Generation of Computers

 The evolution of electronic computers over a period of time can be traced effectively by dividing this period into various generations. Each generation is characterized by a major technological development that fundamentally changed the way computers operated. These helped to develop smaller, cheaper, powerful, efficient and reliable devices. Now you could read about each generation and the developments that led to the current devices that we use today.

First Generation - 1940-1956: Vacuum Tubes The first generation of computers used vacuum tubes for circuitry and magnetic drums for memory. They were large in size, occupied a lot of space and produced enormous heat. They were very expensive to operate and consumed large amount of electricity. Sometimes the heat generated caused the computer to malfunction. First generation computers operated only on machine language. Input was based on punched cards and paper tape, and output was displayed on printouts. First generation computers could solve only one problem at a time.
The Universal Automatic Computer (UNIVAC) and the Electronic Numerical Integrator And Calculator (ENIAC) are classic examples of first-generation computing devices.

Second Generation - 1956-1963: Transistors The second generation of computers witnessed the vacuum tubes being replaced by transistors. The transistor was far superior to the vacuum tube, allowing computers to become smaller, faster, cheaper, energy-efficient and more reliable than their first-generation counter parts. The transistors also generated considerable heat that sometimes caused the computer to malfunction. But it was a vast improvement over the vacuum tube. Second-generation computers used punched cards for input and printouts for output.
 Second-generation computers moved from the use of machine language to assembly languages, which allowed programmers to specify instructions in words. High-level programming languages were also being developed at this time, such as early versions of COBOL and FORTRAN. The computers stored their instructions in their memory, which moved from a magnetic drum to magnetic core technology.

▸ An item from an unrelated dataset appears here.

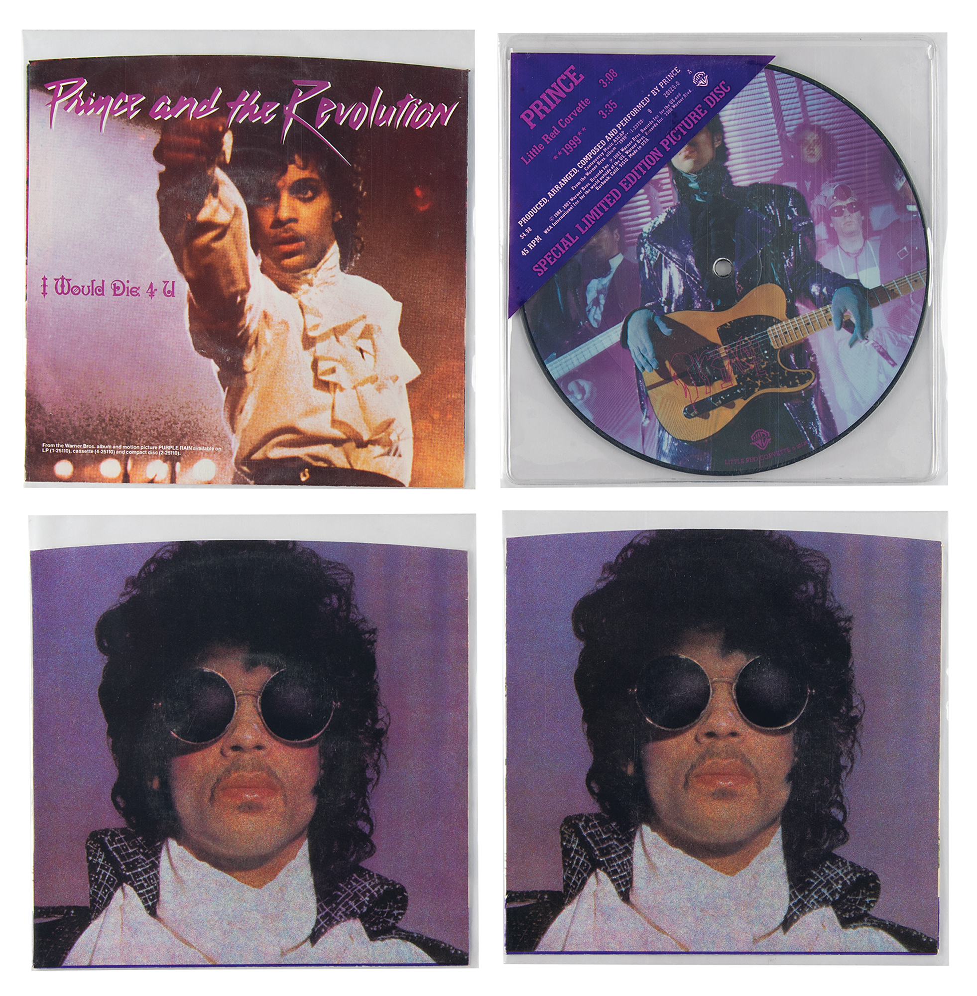 Collection of vinyl records from the '1999' and 'Purple Rain' eras of the early 1980s, including: three limited edition 12˝ maxi-singles of 'Purple Rain' pressed on purple vinyl, all in their original shrinkwrap (one slit open at the top); a 12˝ maxi-single of 'Let's Go Crazy'; Prince's 1999 double-vinyl LP (sealed in its original shrinkwrap, with discount punch to upper left); three 7˝ singles of 'When Doves Cry'; a 7˝ single of 'I Would Die 4 U'; and a 7˝ limited edition picture disc single of 'Little Red Corvette.' Additionally includes a scarce original "Prince" record store cassette rack flag, and promo postcards of Sheila E. and Morris Day. In overall fine condition.

Third Generation - 1964-1971 : Integrated Circuits The development of the integrated circuit left its mark in the third generation of computers. Transistors were made smaller in size and placed on silicon chips, which dramatically increased the speed and efficiency of computers.
In this generation, keyboards and monitors were used instead of punched cards and printouts. The computers were interfaced with an operating system which allowed to solve many problems at a time.

Fourth Generation - 1971-Present : Microprocessors The microprocessor brought forth the fourth generation of computers, as thousands of integrated circuits were built onto a single silicon chip. As these small computers became more powerful, they could be linked together to form networks, which eventually led to the development of the Internet.

Fifth Generation - Present and Beyond: Artificial Intelligence Fifth generation computing devices, based on artificial intelligence, are still in their developmental stage. Fifth generation computers will come close to bridging the gap between computing and thinking.